The data below holds the lines to copy: everything from the line containing "予定通り午前7時に起きて朝食、カレーとおにぎりをいただきました。" to the line containing "Fototapete Elegante weiße", both ends included, set down exactly.

▶ [INPUT FOR THIS TASK]
= Beginning of Section =
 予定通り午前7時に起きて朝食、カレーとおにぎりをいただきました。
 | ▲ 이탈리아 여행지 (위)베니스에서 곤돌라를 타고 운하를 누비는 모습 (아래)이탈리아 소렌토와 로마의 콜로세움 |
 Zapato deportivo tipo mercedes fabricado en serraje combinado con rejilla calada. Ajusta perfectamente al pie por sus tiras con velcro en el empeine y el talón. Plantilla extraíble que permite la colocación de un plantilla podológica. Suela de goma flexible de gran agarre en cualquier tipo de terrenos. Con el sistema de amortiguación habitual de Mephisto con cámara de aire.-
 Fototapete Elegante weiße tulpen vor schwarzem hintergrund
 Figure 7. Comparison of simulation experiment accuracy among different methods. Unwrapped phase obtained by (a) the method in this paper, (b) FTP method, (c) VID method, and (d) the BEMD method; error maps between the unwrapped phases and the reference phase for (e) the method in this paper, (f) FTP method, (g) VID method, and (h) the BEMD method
= End of Section =
= Beginning of Section =
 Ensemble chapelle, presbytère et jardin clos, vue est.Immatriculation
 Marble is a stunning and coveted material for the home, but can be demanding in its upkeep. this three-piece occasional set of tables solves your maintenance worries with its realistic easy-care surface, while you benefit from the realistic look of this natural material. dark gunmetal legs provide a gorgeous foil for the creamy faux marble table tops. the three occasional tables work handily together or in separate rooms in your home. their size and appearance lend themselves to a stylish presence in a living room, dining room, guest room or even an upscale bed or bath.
= End of Section =
▶ [SOLUTION]
 予定通り午前7時に起きて朝食、カレーとおにぎりをいただきました。
 | ▲ 이탈리아 여행지 (위)베니스에서 곤돌라를 타고 운하를 누비는 모습 (아래)이탈리아 소렌토와 로마의 콜로세움 |
 Zapato deportivo tipo mercedes fabricado en serraje combinado con rejilla calada. Ajusta perfectamente al pie por sus tiras con velcro en el empeine y el talón. Plantilla extraíble que permite la colocación de un plantilla podológica. Suela de goma flexible de gran agarre en cualquier tipo de terrenos. Con el sistema de amortiguación habitual de Mephisto con cámara de aire.-
 Fototapete Elegante weiße tulpen vor schwarzem hintergrund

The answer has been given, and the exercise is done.